ABOUT THIS EXERCISE
Reproduce the data exactly as given, except for any images.
===== MATERIAL PROVIDED
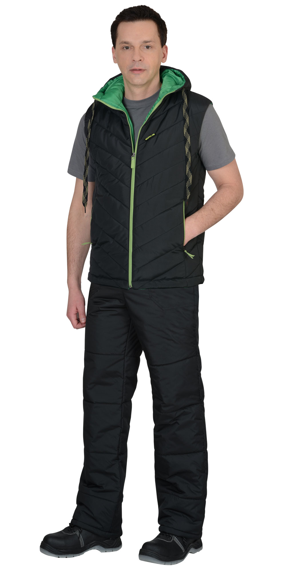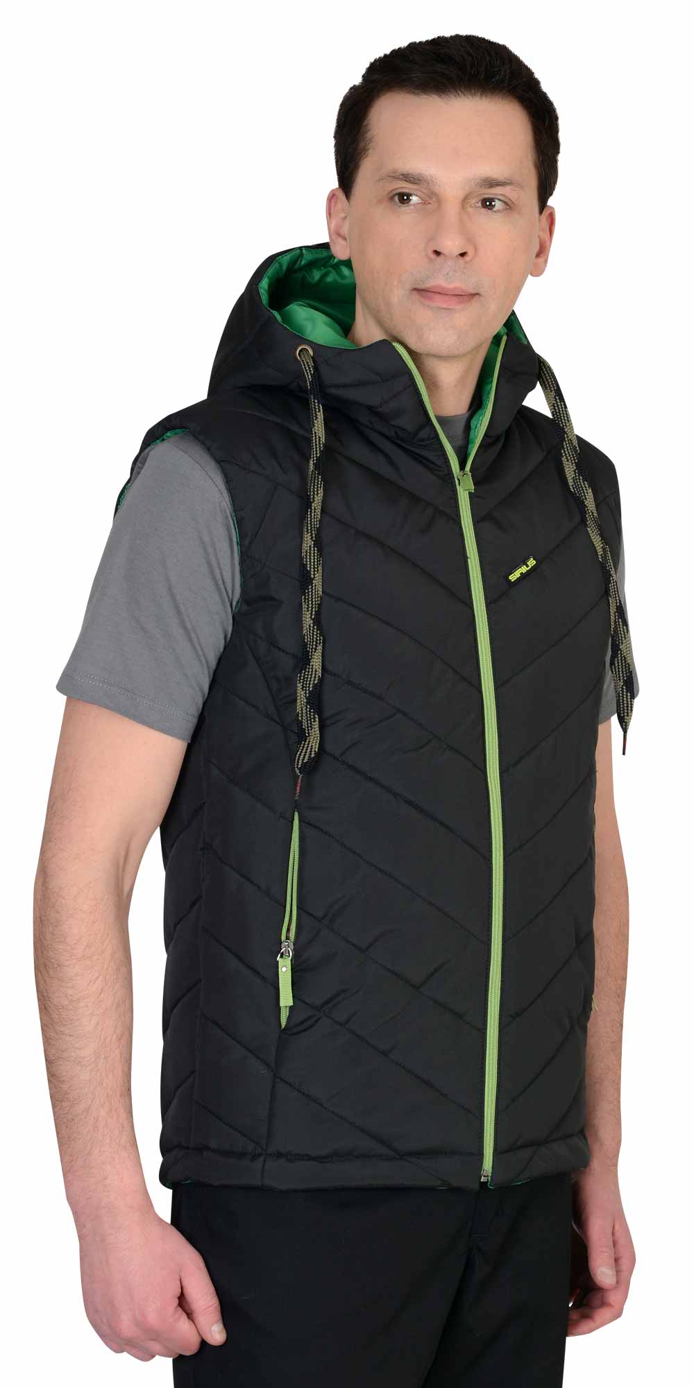 Жилет "СТИЛЬ" утепленный : черный ( на зеленой подкладке) (ЧЗ)
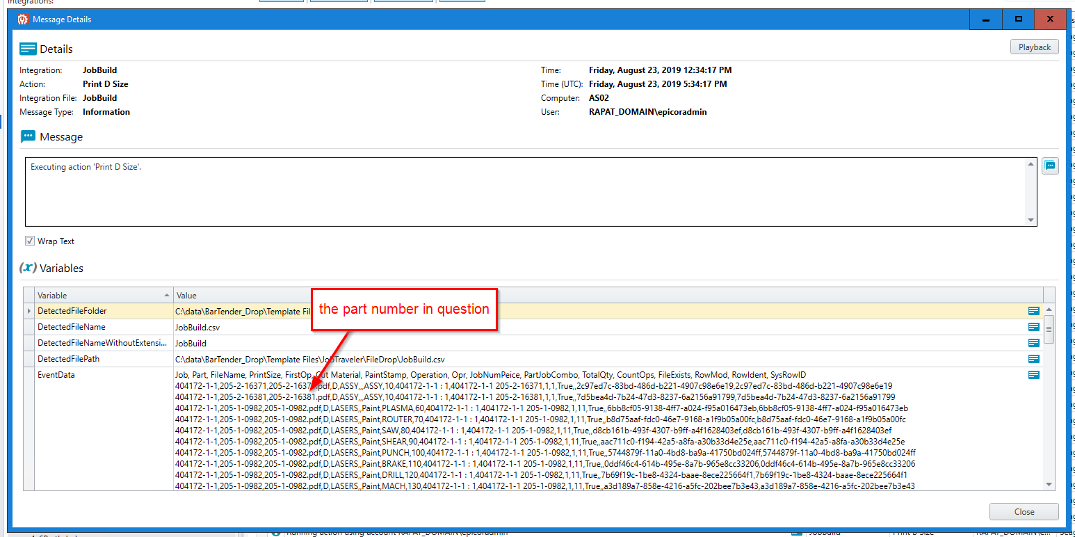 The problem that I think I am having is that a label (or a D-size print in this specific case) doesn’t print out with the rest of the batch. It simply skips it. I can see in the file that was sent, and the logging on the integration builder that the record is in fact there. I have seen this before with some other labels to. For some reason, pretty randomly, one of the labels will just be skipped.
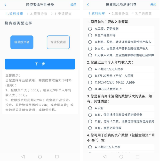 6、选择普通投资者,专业投资者需要提交各种材料比较复杂。完成投资者风险测评问卷,按照真实的填写就行,要与之前在基本资料所填信息保持一致。
==========
OUTPUT
 Жилет "СТИЛЬ" утепленный : черный ( на зеленой подкладке) (ЧЗ)
 The problem that I think I am having is that a label (or a D-size print in this specific case) doesn’t print out with the rest of the batch. It simply skips it. I can see in the file that was sent, and the logging on the integration builder that the record is in fact there. I have seen this before with some other labels to. For some reason, pretty randomly, one of the labels will just be skipped.
 6、选择普通投资者,专业投资者需要提交各种材料比较复杂。完成投资者风险测评问卷,按照真实的填写就行,要与之前在基本资料所填信息保持一致。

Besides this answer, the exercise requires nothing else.